Computers are known for their mathematical proficiency, but the nuances and whimsy of human verbal expression are usually beyond their ken.

A five-member team developed an artificial intelligence (AI) program with the goal of performing well on verbal sections of IQ tests.Chinese researchers' artificial intelligence outwits humans on verbal IQ test

The findings suggest machines could be closer to approaching human intelligence, the researchers wrote in a study, titled Solving Verbal Comprehension Questions in IQ Test by Knowledge-Powered Word Embedding, which they posted to the online database arXivl on June 17.

The researchers gave a set of IQ test questions to their computer program and to a group of 200 people with different levels of education. The test-takers were recruited through Amazon Mechanical Turk, a crowdsourcing platform. The program beat the average score of the test group.

Researchers took an approach known as "deep learning", which involves building up abstract representations of concepts from raw data. The researchers used the method to learn the different representations of words, a technique known as word embedding.

And then they came up with a way to solve the test problems.

The AI's results were surprising, although the machine didn't do as well against people with master's or doctorate degrees.

The report described the approach: "First, we build a classifier to recognize the specific type of verbal questions. According to previous studies, verbal questions usually include sub-types like analogy, classification, synonym and antonym.

"For different types of questions, different kinds of relationships need to be considered and the solvers could have different forms. Therefore,

with an effective question-type classifier, we may solve the questions in a divide-and-conquer manner and achieve high accuracy.

"Second, we obtain distributed representations of words and relations by leveraging a novel word-embedding method that considers the multi-sense nature of words and the relational knowledge among words (or their senses) contained in dictionaries.

"For each polysemous word (those with multiple meanings), we retrieve its number of senses from a dictionary, and conduct clustering on all its context windows in the corpus.

"Third, for each specific type of questions, we propose a simple yet effective solver based on the obtained distributed word representations and relation representations."

The report said the researchers then attached "the example sentences for every sense in the dictionary to the clusters, such that we can tag the polysemous word in each context window with a specific word sense".

It said that "the learning of word-sense representations and relation representations interacts with each other, to effectively incorporate the relational knowledge obtained from dictionaries".

They concluded that "the results are highly encouraging, indicating that with appropriate uses of the deep learning technologies, we could be a further small step closer to human intelligence".

Actually, I kind of had some trouble comprehending the report, which means I would probably lose to the computer.

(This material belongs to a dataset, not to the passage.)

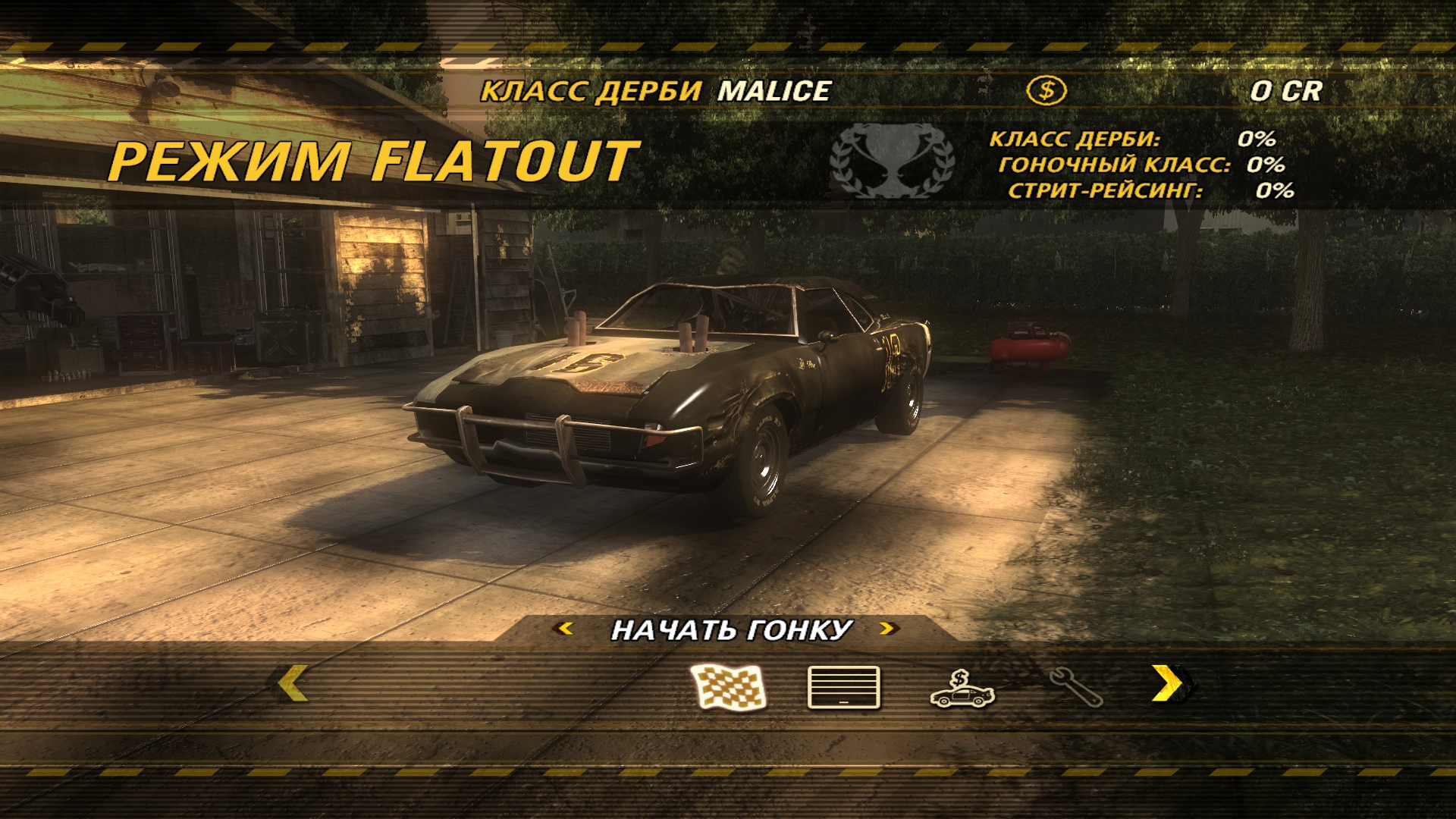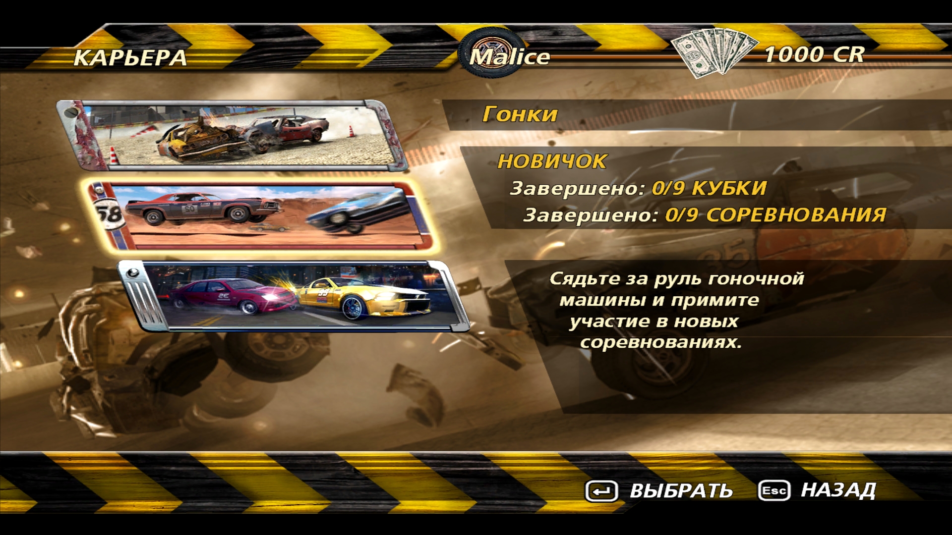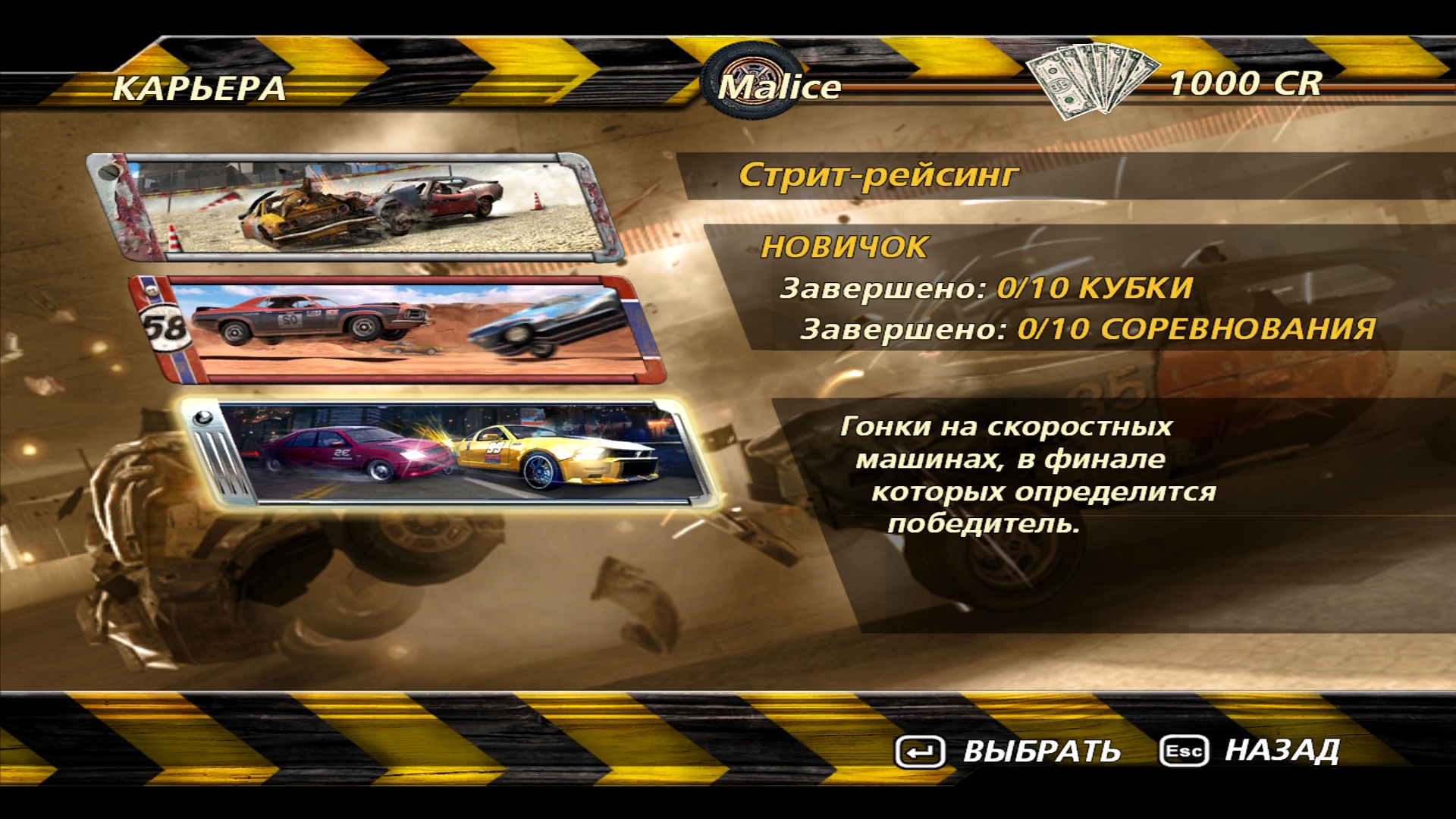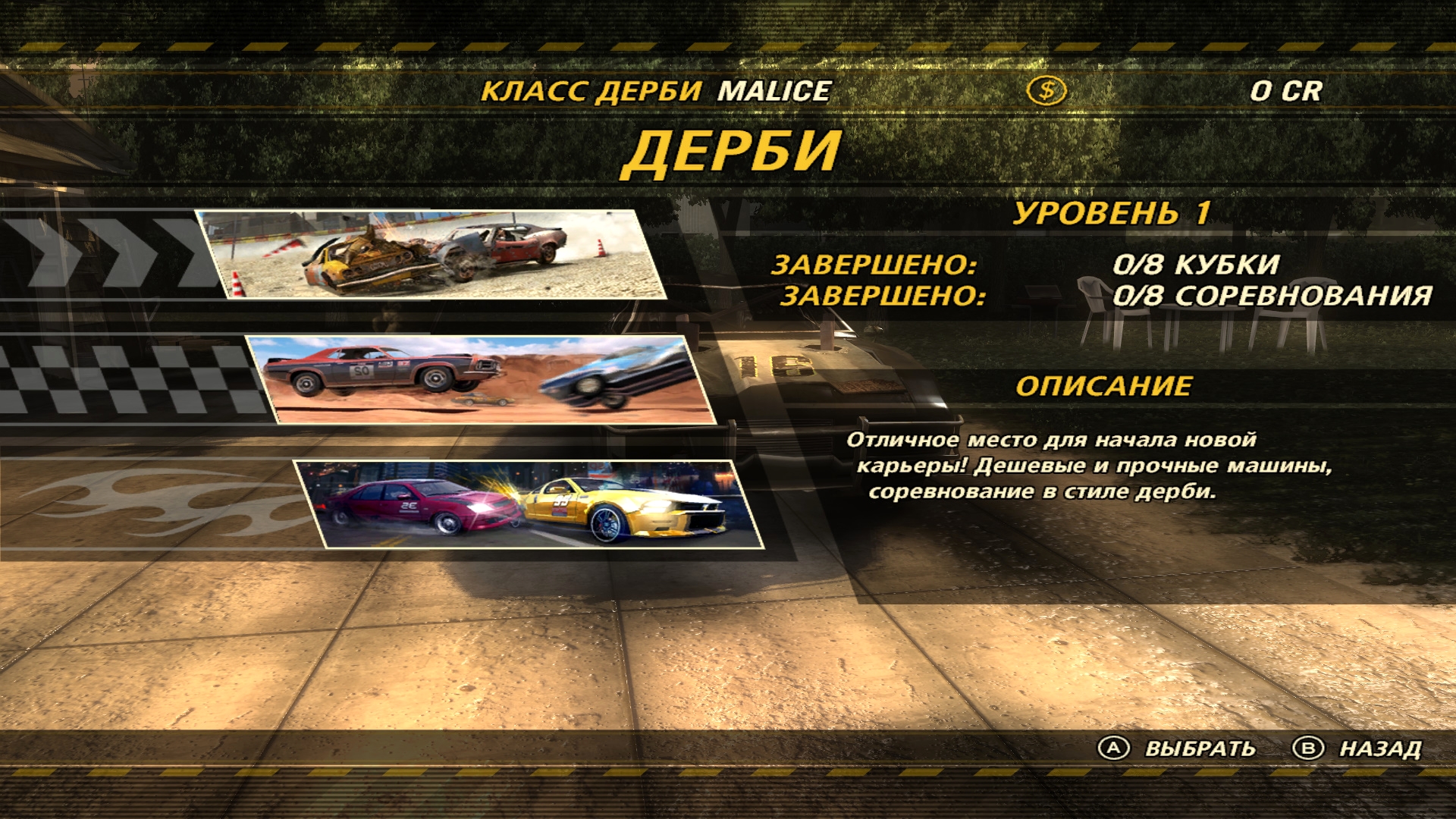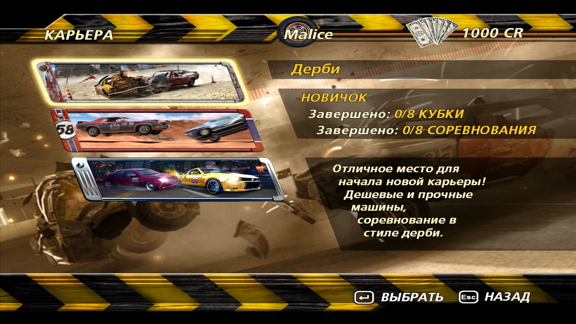 Давайте кратко рассмотрим режимы данной игрушки. Первым делом посмотрим на то, что есть в карьере. В карьере три вида гонок - дерби, соревнования на старых и ржавых корытах, гонки - соревнования на неплохих спортивных машинах, ну и стрит-рейсинг, гонки на современных красивых и блестящих машинках. Как я уже сказал выше - за победы в режиме карьеры вам будут открываться новые трассы и автомобили.

The researchers were encouraged: "In the future, we plan to leverage more types of knowledge from the knowledge graph … to enhance the power of obtaining word-sense and relation embeddings. Moreover, we will explore new frameworks based on deep learning or other AI techniques to solve other parts of IQ tests beyond verbal comprehension questions."

The research team included Huazheng Wang and Fei Tian, of the Department of Computer Science at the University of Science and Technology of China in Hefei, Anhui province, and researchers Bin Yao, Tie-Yan Liu and Jiang Bian at Microsoft.